One of the SpaceX engines came apart during launch

stcredzero · on Oct 8, 2012

> We know the engine did not explode, because we continued to receive data from it.

Uh, they say the engine did not explode. The failed engine shut down and vented gasses ruptured the engine fairing. How about someone change the inaccurate headline? "That smooth SpaceX launch? Turns out one of the engines exploded"

parfe · on Oct 8, 2012

How about a "spontaneous self-initiated partial disassembly event"?

I watched the video and don't see why a burst of flames and debris would not be described as an explosion, other than marketing.

jlgreco · on Oct 8, 2012

Ah yes, you have got to love rocket scientist terminology. The wikipedia page for the Vanguard rocket used to have an image of one of them exploding captioned with " Vanguard rocket undergoing rapid unplanned disassembly shortly after launch at Cape Canaveral".

DannoHung · on Oct 8, 2012

Already corrected.

jlgreco · on Oct 8, 2012

Sadly yeah. Somebody changed it a few days ago; it was like that for a long while previously though.
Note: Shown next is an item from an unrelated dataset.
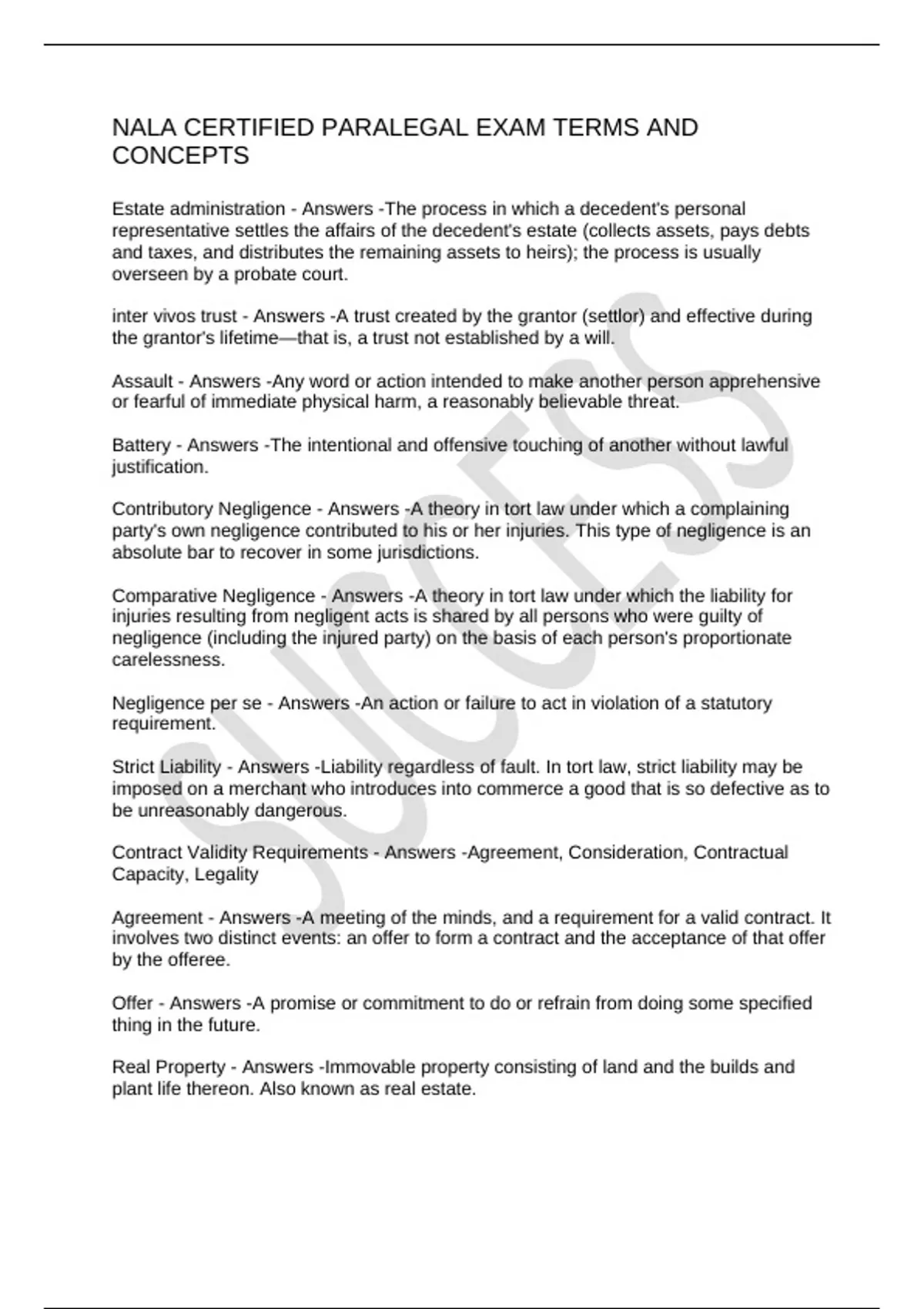 NALA CERTIFIED PARALEGAL EXAM TERMS AND

stcredzero · on Oct 8, 2012

Yes, but the point is that the engine didn't explode. The fairing flew apart, not the engine. That's a big difference.

anovikov · on Oct 8, 2012

I don't know how do you come to conclusion that there was any kind of mechanical damage anywhere. There was most certainly none. The engine simply shut down, most probably because one of the many possible abort criteria happened, e.g. some of the controlled variables of engine, like pressure, flow, temperature of fluids/gases in many places, or turbopump RPM, etc. exited the permitted corridor of safety. It can be due to something as simple as a faulty sensor indicating a false reading, or the condition being too strict (both happened to SpaceX before). Then the engine was shut down, and the lower temp plume of the engine which being shut down appeared to you like 'smoke of explosion' on video.
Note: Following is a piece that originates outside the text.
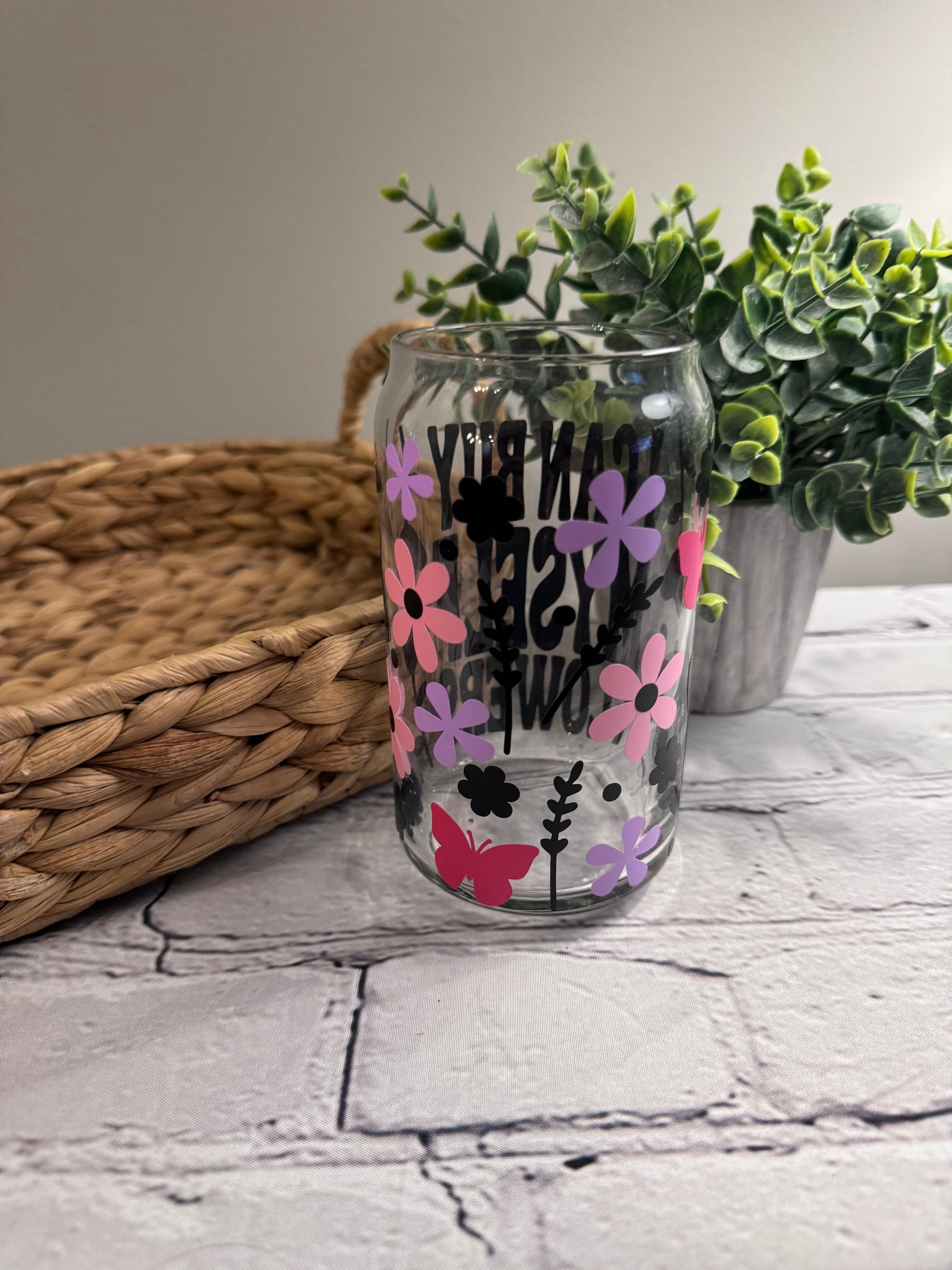 Beer can style glass. Perfect for iced coffee or any other type of cold drink! Designs are made from premium permanent vinyl and hand applied. Placement and color of designs may vary slightly from glass to glass. Bamboo lid and glass straw are included. This glass makes the perfect gift!

I am in fact near certain that the engine remained mechanically fine after shutdown and nothing else exploded or was broken. They will figure this out for the next flight.

anovikov · on Oct 8, 2012

Yeah now i see from the slow-mo that the aerodynamic shell got ruptured, but it's no big deal, it's obviously not designed to handle any loads from INSIDE.

priv_acy · on Oct 8, 2012

They said the engine fairing ruptured. That is most definitely mechanical damage.

jlgreco · on Oct 8, 2012

If spacex says there is an engine fairing, I'm going to say there is one.
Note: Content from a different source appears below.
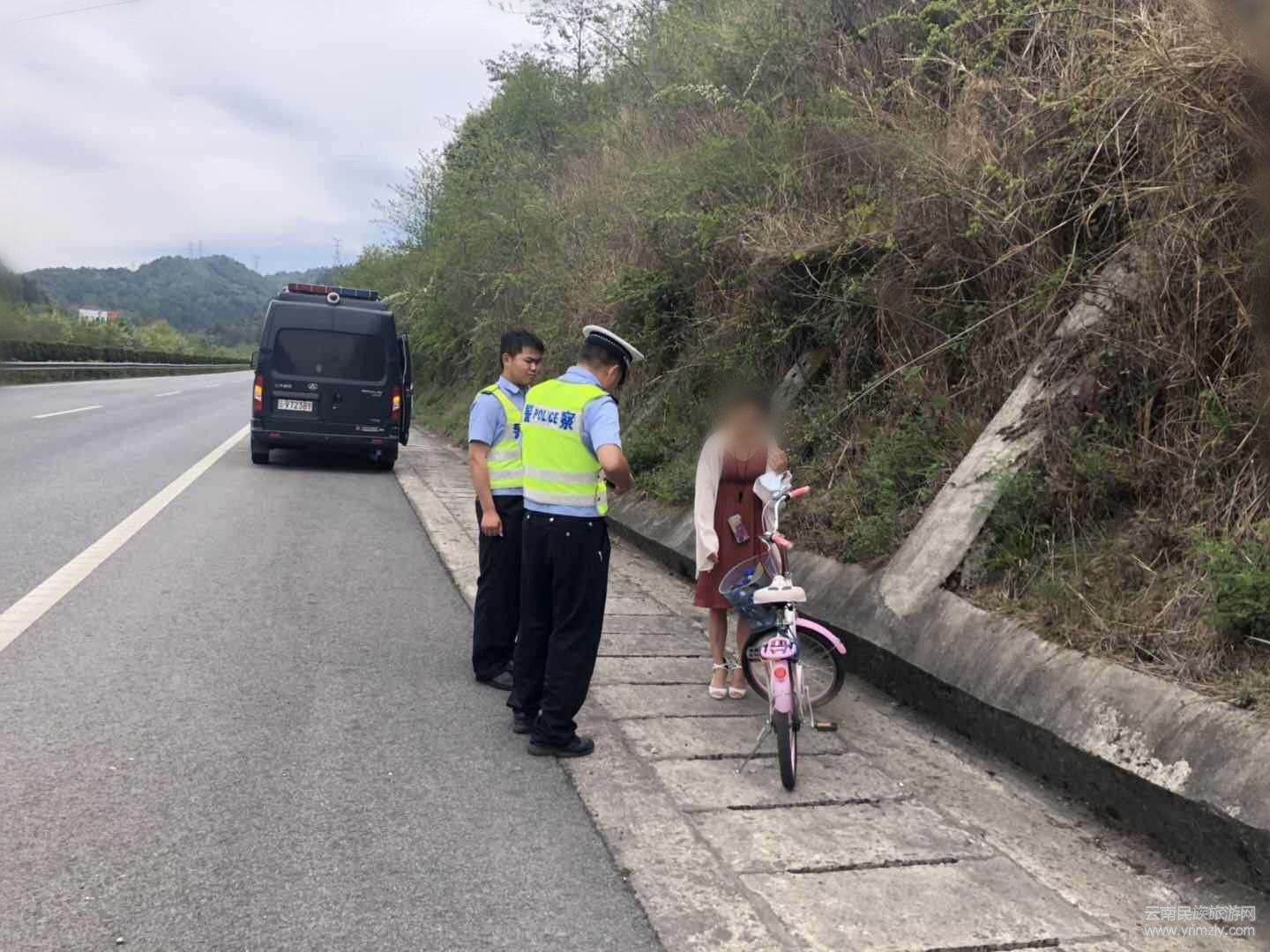 4月22日,保山市公安局交警支隊(duì)保騰高速公路交巡警大隊(duì)民警開(kāi)展巡邏工作時(shí),遇到一在高速公路騎自行車(chē)的女子。

InclinedPlane · on Oct 8, 2012

The headline has been changed though the URL is still the same (which is expected given the way most CMSes work).

cameldrv · on Oct 8, 2012

The engine is designed to hold high pressures, but it ruptured, and then the rapidly expanding gasses tore off other parts of the engine. It didn't disintegrate, but that sure sounds like an explosion to me.

pyre · on Oct 8, 2012

Not a rocket scientist, but using a car analogy, this sounds like the engine block vented gases and blew off the hood of the car, while the engine block itself received no damage.

ChuckMcM · on Oct 8, 2012

Looking forward to the SpaceX update.

One of the things that struck me is that trying to watch the control room at the same time as this anomaly I have yet to pick out anyone who 'flinched' or made any sort of noted move. That has left me wondering if they knew when this happened that it happened. I have to believe they did.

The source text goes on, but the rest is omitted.